Gegründet wurde Viora im März 2021 – damals noch unter dem Namen Ada Growth – von Kovar und ihrem Co-Founder Matthew Ziebarth. Das Wiener Startup betreibt eine E-Learning-App, die sich an Unternehmen richtet, und den Confidence Gap zwischen weiblichen und männlichen Mitarbeiter:innen durch Übungen zur Persönlichkeitsentwicklung schließen soll. Das soll Unternehmen attraktiver für weibliche Arbeitskräfte machen. 

Unternehmensgeschichte

“Begonnen hat das Ganze als Nebenprojekt zu meiner Tätigkeit als CEO bei sgreening. Ich wollte Frauen Tools in die Hand geben, durch die sie sich selbst von innen heraus stärken und sichtbarer in unserer Gesellschaft machen.
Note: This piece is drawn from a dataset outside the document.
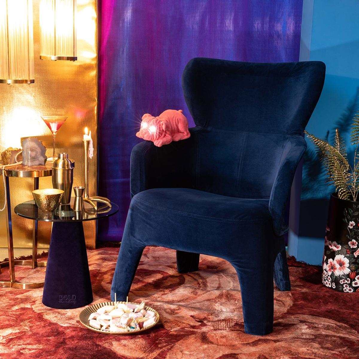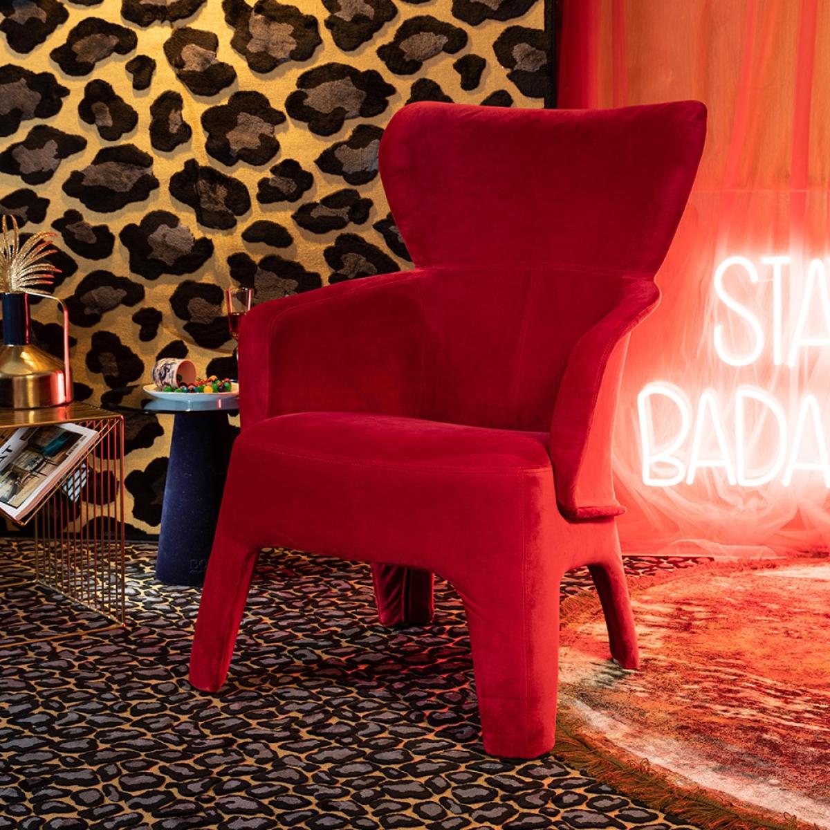 I love this armchair because it adds a playful yet sophisticated touch to any interior. Its bold design and vibrant colours make it a perfect statement piece in eclectic or vintage-inspired spaces, but it can also inject personality into more subdued modern styles. It works well as an accent piece in living rooms, bedrooms, or even a cosy reading nook. For styling, pair it with contrasting textures like velvet cushions or a soft throw to enhance its plush appeal. Keep surrounding furniture fairly simple to let the chair stand out, and consider mixing it with other colour pops or botanical accents, as seen here, to create a lively and inviting space.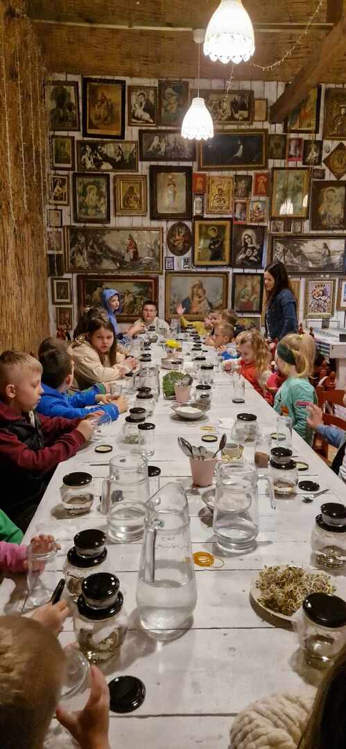 Na początku dzieci uczestniczyły w lekcji z przyrodnikiem, który opowiedział o narodzinach w świecie leśnych zwierząt. Następnie wszyscy udali się na warsztaty, podczas których przygotowali domową plantację kiełków, wysiali rzeżuchę i nastawili zakwas na żur. Następnym punktem wycieczki było odszukiwanie z mapą schowanych zwierzątek na terenie siedliska i pobyt na niepowtarzalnym placu zabaw.

Dabei war mir wichtig, auch Themen wie Zeitarmut und den Gender Pay Gap mitzudenken – so entstand die Idee für eine Micro Learning App“, erzählt die Gründerin.

Rund eineinhalb Jahre nach der offiziellen Gründung brachte Viora die erste Version der App auf den Markt. “Sofort haben EY, Erste Group Bank AG, voestalpine High Performance Metals GmbH und DORDA Rechtsanwälte GmbH bei uns unterschrieben”, lässt Kovar Revue passieren. Das Startup konnte seither zahlreiche Erfolge einfahren und bekannte Investor:innen für sich gewinnen – wie zum Beispiel Hansi Hansmann, den VC-Fonds Calm/Storm und Fund F (brutkasten berichtete).

Rückzug aus der Geschäftsführung

Nun zieht sich Kovar aus der Geschäftsführung zurück. „Ich bin unglaublich stolz, gemeinsam mit meinem großartigen Team ein EdTech-Business aufgebaut zu haben, das gezielt daran arbeitet, den Gender Confidence Gap zu schließen.“ Gemeinsam mit CTO und Co-Founder Matthew Ziebarth baute sie über die Jahre ein Team von sechs Personen auf. 

„Ich durfte unglaublich viel lernen und werde die Zusammenarbeit mit euch wundervollen Menschen vermissen – mein Team, unsere Kund:innen, unsere Expert:innen, alle, die es ermöglicht haben, dass Viora das werden durfte, was es heute ist“, so Kovar.

Wie es für sie beruflich weitergeht, lässt sie noch offen. „Das Thema wird immer mein Thema bleiben. Es wurde mir in die Wiege gelegt und ich werde weiterhin für Gender Equity in dieser Welt kämpfen. Ich möchte noch mehr Menschen erreichen, noch mehr Frauen Mut machen und noch mehr verändern.“

Christiane Holzinger als Geschäftsführerin eingetragen

Wer künftig die CEO-Rolle bei Viora übernimmt, wurde bisher noch nicht kommuniziert. Im Firmenbuch des Unternehmens ist seit dem 5. August allerdings eine neue Geschäftsführung eingetragen: Christiane Holzinger. 2023 gewann die Ex-JW-Chefin den „Business Angel of the Year“-Award. Außerdem investierte sie selbst – auch 2023 – in Viora (brutkasten berichtete). Auf brutkasten-Anfrage bestätigt Holzinger, dass sie die Geschäftsführung lediglich interimistisch übernimmt. Welche Rolle Kovar künftig im Unternehmen spielen wird, ist derzeit noch offen.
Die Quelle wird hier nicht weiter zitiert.